Op de middelbare school speelde ik tijdens saaie biologielessen soms galgje met een klasgenoot.

Als de leraar ons betrapte, hadden we het verweer dat we goed bezig waren: het galgjewoord ging altijd over de lesstof. Zo kwam het dat mijn klasgenoot een keer 22 streepjes zette.

‘E’, raadde ik. Drie letters goed. ‘_ e _ _ _ _ _ _ _ _ _ _ _ _ e _ _ e _ _ _ _ ’ stond er nu.

De ‘a’ leverde geen punten op, de ‘n’ kwam twee keer voor (plek 11 en 17), evenals de ‘o’ (op 4 en 10). Pas bij de ‘u’ begon het me te dagen: _ e _ o _ _ _ _ _ o n _ _ _ e _ n e _ u u _.

‘Desoxyribonucleïnezuur!’, riep ik triomfantelijk door de klas. De docent keek verstoord op — hij was net iets aan het uitleggen over het endoplasmatisch reticulum — en zei: ‘Heel fijn dat tenminste iemand heeft onthouden waar de afkorting DNA voor staat. Als je straks bij het proefwerk ook nog weet hoe je het spelt, heb je in ieder geval een 1.’

De week erna speelden we geen galgje meer: de leraar had piepschuim, klei, crêpepapier, behangplak en punaises meegenomen. ‘Knutselen jullie maar een mitochondrium, celkern of golgi-systeem’, zei hij.

Molecuulbouwdozen

Toegegeven, ik weet bijna twintig jaar na dato niet meer precies de functie van die verschillende celonderdelen. Maar dat ik me de namen überhaupt nog herinner, is te danken aan het geknutsel tijdens de les. Niet aan mijn schoolboeken. Net zoals ik dankzij galgje weet dat een DNA-keten bestaat uit adenine, cytosine, guanine en thymine.
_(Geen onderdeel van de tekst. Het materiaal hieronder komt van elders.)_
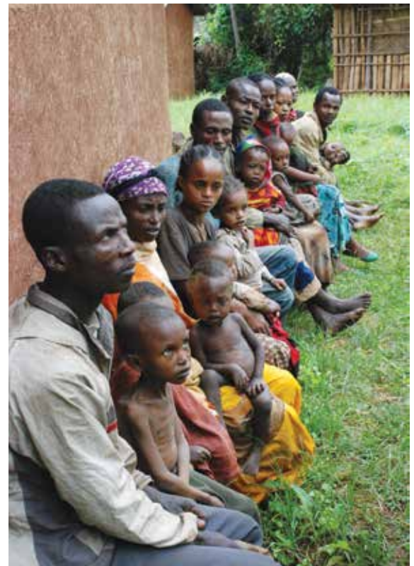
families waiting in line for aid

Een paar jaar geleden vulde ik voor de lol wat oude eindexamenvragen in. Naast een 6 voor biologie haalde ik alleen voor scheikunde een voldoende, mede dankzij de molecuulbouwdozen die de leraar ons voorzette, en de proefjes die hij ons liet doen. Dan klopt de regel uit een Kinderen-voor-Kinderen-liedje dus toch: ‘En van spelen leer je lekker toch het meest!’